Как ни торопила я кучера, мне казалось, что мы едем все-таки слишком медленно.

Едва выскочив из кареты, я почти наткнулась нос с носом на Леони, выходящего из дверей палаццо. Он показался мне таким важным и нарядным в своем рыжеватом, бархатном камзоле и большой шляпе с пером, что я узнала только тогда, когда, церемонно раскланявшись, он улыбнулся и остановил меня словами:

— Добрый вечер, синьора, — и затем продолжал: — Ваша поспешность оказалась уже запоздалой. Впрочем, не беспокойтесь: мы получим все по условию. Я не такой человек, чтобы позволить издеваться над собой всяким мальчишкам, и дядюшка Торнацони прекрасно это знает.

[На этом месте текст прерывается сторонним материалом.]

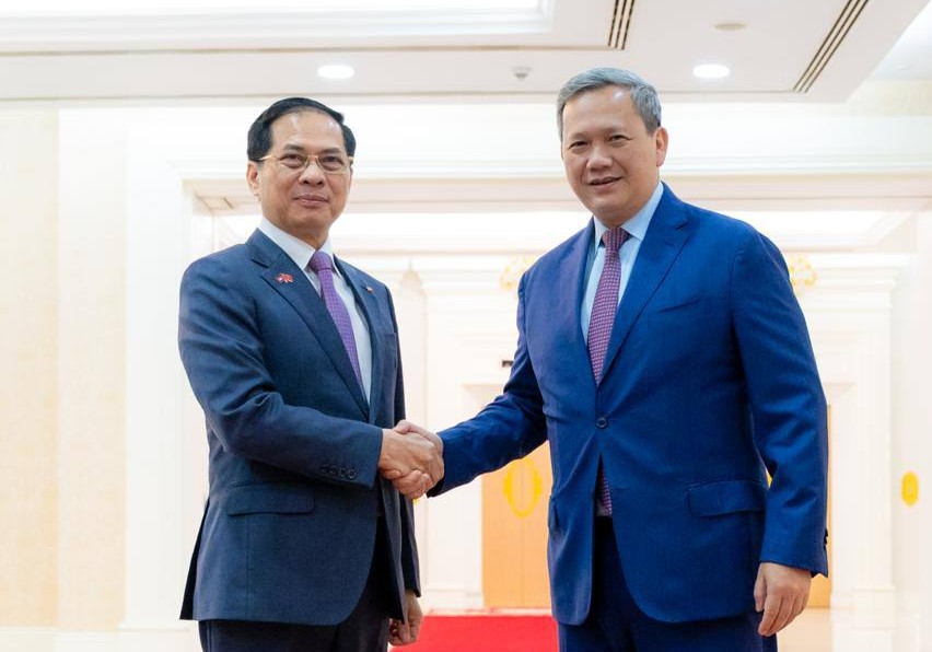 សម្តេចមហាបវរធិបតី ហ៊ុន ម៉ាណែត នាយករដ្ឋមន្ត្រី នៃព្រះរាជាណាចក្រកម្ពុជា បានអនុញ្ញាតឱ្យ ឯកឧត្តម Bui Thanh Son ឧបនាយករដ្ឋមន្ត្រីនៃសាធារណរដ្ឋសង្គមនិយមវៀតណាម ចូលជួបសម្ដែងការគួរសម និងពិភាក្សាការងារ នៅវិមានសន្តិភាព នារសៀលថ្ងៃទី២៨ ខែវិច្ឆិកា ឆ្នាំ២០២៥។

— Что означают ваши слова? — воскликнула я, встревоженная мрачными предчувствиями.

— Как, вы еще не знаете о проделках этого сумасброднейшего из графов, этого нелепейшего мальчишки Гиничелли? — заговорил с жаром Леони. — Все наши старанья оказались пропавшими даром. Вчера вечером, после вашего посещения, и сегодня утром он держал себя так бешено и совершил столько безрассудных глупостей, что мы имели твердое убеждение в нашей победе, а два часа тому назад он совершенно неожиданно, не сказавши никому ни слова, скрылся из дома, оставив краткую записку, что уезжает в дальние поместья. Конечно, все это смешно и противно, но в сущности мы ничего не теряем, и поверьте, во Флоренции найдутся сотни достойных молодых и богатых людей, сумеющих вас, синьора, оценить гораздо больше, чем этот глупый ломака.

— Конечно, — отвечала я, овладев своим волнением, — если маркиз заплатит нам исправно, мы ничего не теряем.

— О, это уж предоставьте мне! Да к тому же, может быть, графа еще и удастся вернуть. За ним послана погоня. И можно будет возобновить вашу попытку.

— Ну, нет, — возразила я, — мне надоело возиться с вашими недоносками. Посоветуйте лучше нанять для графа кормилицу.

Больше мы ничего не говорили об этом. На другой день я получила деньги и могла покинуть Флоренцию, так как все-таки я была ужасно расстроена.

Петербург. 1906–1907 г.
Петербургские апокрифы _23.png

Месть Джироламо Маркезе{118}

Сорок первая новелла из занятной книги любовных и трагических приключений

Ехавшая впереди небольшой кавалькады, отправляющейся из Флоренции по направлению к Терранова, мадонна Беатриче, кажется, так же мало обращала внимания на веселые рассказы каноника Николо Салютети, как и на тонкие комплименты, сопровождаемые томными вздохами и нежными взглядами поэта, подеста{119} Джироламо Маркезе.

Петербургские апокрифы _24.png

Весеннее солнце, голубое небо, цветы на зеленых холмах, которые — увы! — напрасно в остроумных метафорах сравнивал поэт с прелестями жестокой, нисколько не развлекали мадонну.